# Work item
Beginning with the line that has "メジロがお腹を空かせないよう" and ending with the line that has "896 Kent firmata", retype the entries below exactly, except for the pictures.

# Data
──────────────────────────────
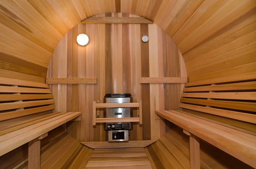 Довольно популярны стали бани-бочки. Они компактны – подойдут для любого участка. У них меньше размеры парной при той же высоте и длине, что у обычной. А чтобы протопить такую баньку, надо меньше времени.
──────────────────────────────
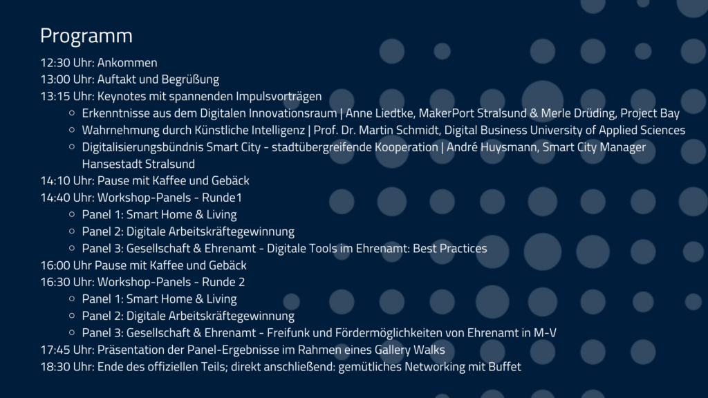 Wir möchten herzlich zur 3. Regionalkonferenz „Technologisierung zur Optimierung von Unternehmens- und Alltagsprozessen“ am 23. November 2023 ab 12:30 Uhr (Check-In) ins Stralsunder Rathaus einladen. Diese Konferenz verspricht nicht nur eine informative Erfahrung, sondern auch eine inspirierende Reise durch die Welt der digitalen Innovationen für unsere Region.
──────────────────────────────
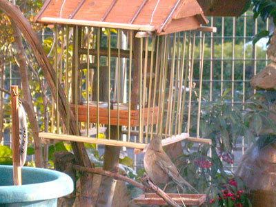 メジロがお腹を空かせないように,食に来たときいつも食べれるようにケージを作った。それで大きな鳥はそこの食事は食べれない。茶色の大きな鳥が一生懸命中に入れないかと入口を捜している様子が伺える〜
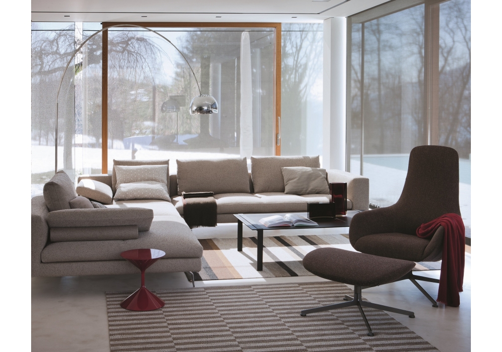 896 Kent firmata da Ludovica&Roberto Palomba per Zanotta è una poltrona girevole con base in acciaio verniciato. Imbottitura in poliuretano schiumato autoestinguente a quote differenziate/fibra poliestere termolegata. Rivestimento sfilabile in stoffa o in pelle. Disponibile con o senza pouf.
──────────────────────────────
# Result of the task
 メジロがお腹を空かせないように,食に来たときいつも食べれるようにケージを作った。それで大きな鳥はそこの食事は食べれない。茶色の大きな鳥が一生懸命中に入れないかと入口を捜している様子が伺える〜
 896 Kent firmata da Ludovica&Roberto Palomba per Zanotta è una poltrona girevole con base in acciaio verniciato. Imbottitura in poliuretano schiumato autoestinguente a quote differenziate/fibra poliestere termolegata. Rivestimento sfilabile in stoffa o in pelle. Disponibile con o senza pouf.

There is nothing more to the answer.